Nature's Delicate Balancing Act

In ecosystems around the world, changing seasons act as nature’s calendar, prompting animals to breed, flowers to bloom and insects to pollinate crops, along with many more time-sensitive events that are crucial to functioning ecosystems.

Sandhill crane mother and two chicks in Lakeland, Florida.

Sandhill crane mother and two chicks in Lakeland, Florida. Sandhill cranes must finish raising their chicks by the end of spring in time to migrate north every summer. Credit: Jeremy Cohen, PhD

The study of these seasonal activities is called phenology.
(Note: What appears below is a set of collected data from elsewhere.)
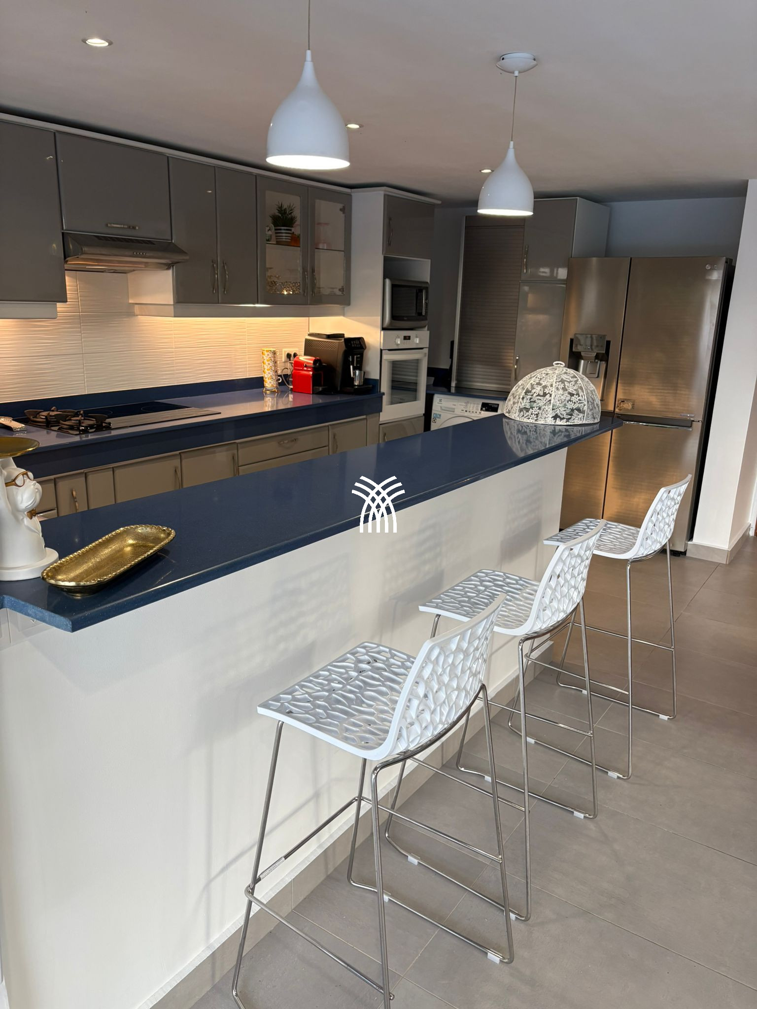 Oven, Microwave, Nespresso machine, toaster, dishwasher, fridge-freezer, water dispenser and ice cubes, kettle, juicer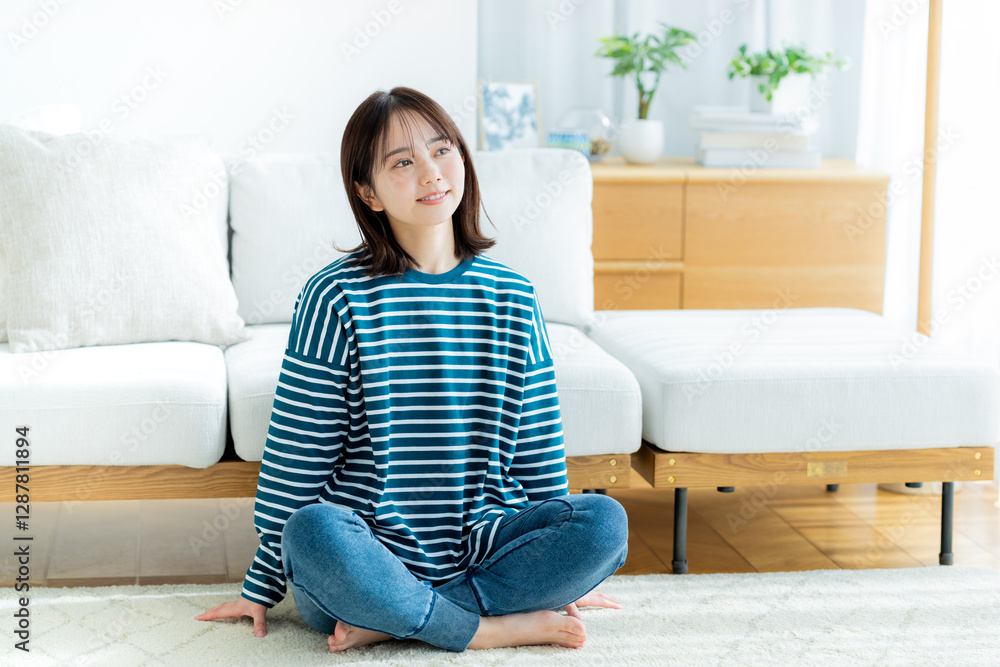 リビングでくつろぐ若い女性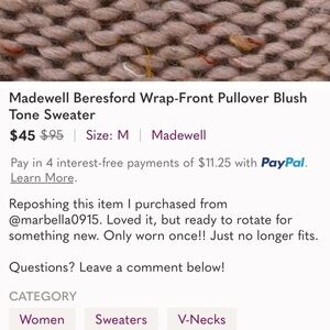 Madewell Beresford wrap front pullover wool blend sweater. Ballet/powder/petal pink toned.slight balloon sleeves. Size Large.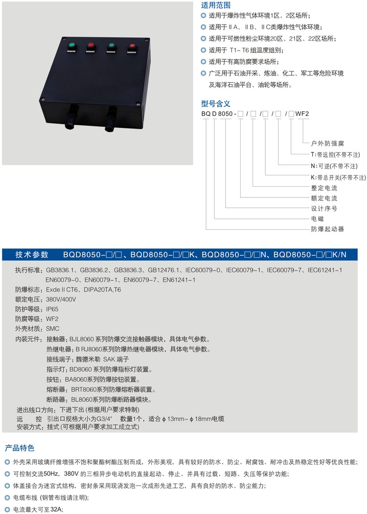 BQD8050系列防爆防腐电磁起动器(ⅡC、DIP)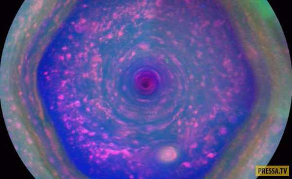 12. Северный полюс Сатурна. Здесь нет оленей — только огромный гексагональный шторм

As climate change alters seasonal temperature and precipitation patterns related to these seasonal activities, species interactions – like crop-pollinator, host-parasite and predator-prey interactions – can become mismatched.

For example, if insect populations rise and plants bloom at different times, then insects might not have enough food and plants might not be pollinated, compromising food production for humans. Thus, phenological mismatches driven by climate change can threaten the role that species interactions play in maintaining functioning and healthy systems.

Researchers at the University of South Florida have offered a deeper understanding of climate change effects on animal phenology in their study, "A global synthesis of animal phenological responses to climate change," published this week in Nature Climate Change. 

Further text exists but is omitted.